-
Type: Improvement
-
Resolution: Unresolved
-
Priority: Major - P3
-
None
-
Affects Version/s: None
-
Component/s: None
-
Networking & Observability
-
Egress gRPC 2025-01-31, Egress gRPC 2025-02-14
-
1
The current gRPC stream establishment timeout enforcement doesn't distinguish between timeouts due to not being able to reach the remote (i.e. the channel reaching the CONNECTED state) and timeouts due to there being more than MAX_CONCURRENT_STREAMS open to the remote, which is more of a resource contention problem. Both are reported as "NetworkTimeout", which could potentially be misleading.
In addition, we do not set wait_for_ready to true, so if a user attempts to establish a stream while the channel's status is not CONNECTED, it will fail immediately with a HostUnreachable error. This is potentially desirable, but it could also make sense to wait for at least connectTimeoutMS for the channel to reach that state in the background before giving up. Under the hood, gRPC will retry with exponential backoff, so this could be something useful to take advantage of.

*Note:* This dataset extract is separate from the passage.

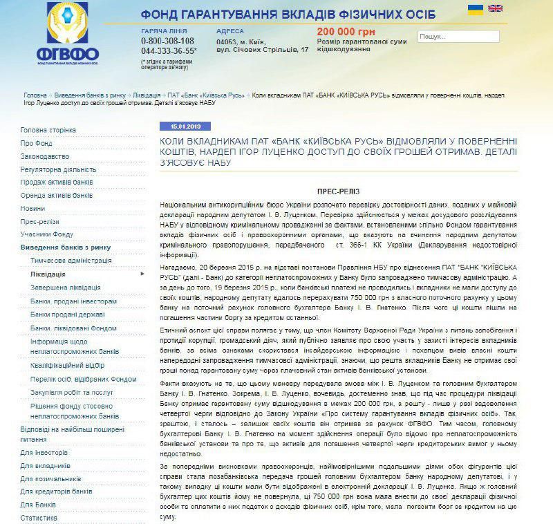 Национальным антикоррупционным бюро Украины начата проверка достоверности данных, представленных в имущественной декларации народным депутатом И. В. Луценко (уголовное производство № 52018000000001213, зарегистрированное в Едином реестре досудебных расследований 19 декабря 2018 года). Проверка осуществляется в рамках досудебного расследования НАБУ в соответствующем уголовном производстве по фактам, установленным совместно Фондом гарантирования вкладов физических лиц и правоохранительными органами, указывающими на совершение народным депутатом уголовного преступления, предусмотренного ст. 366-1 УК Украины (Декларирование недостоверной информации).

Waiting for the channel to become established before failing also gives us the ability to differentiate between connectivity timeouts and timeouts establishing streams. It doesn't help us differentiate between network timeouts and hitting MAX_CONCURRENT_STREAMS, however, though one could argue that we don't need to. If we wanted to differentiate between those, we could enforce a client-configured MAX_CONCURRENT_STREAMS in the async client factory.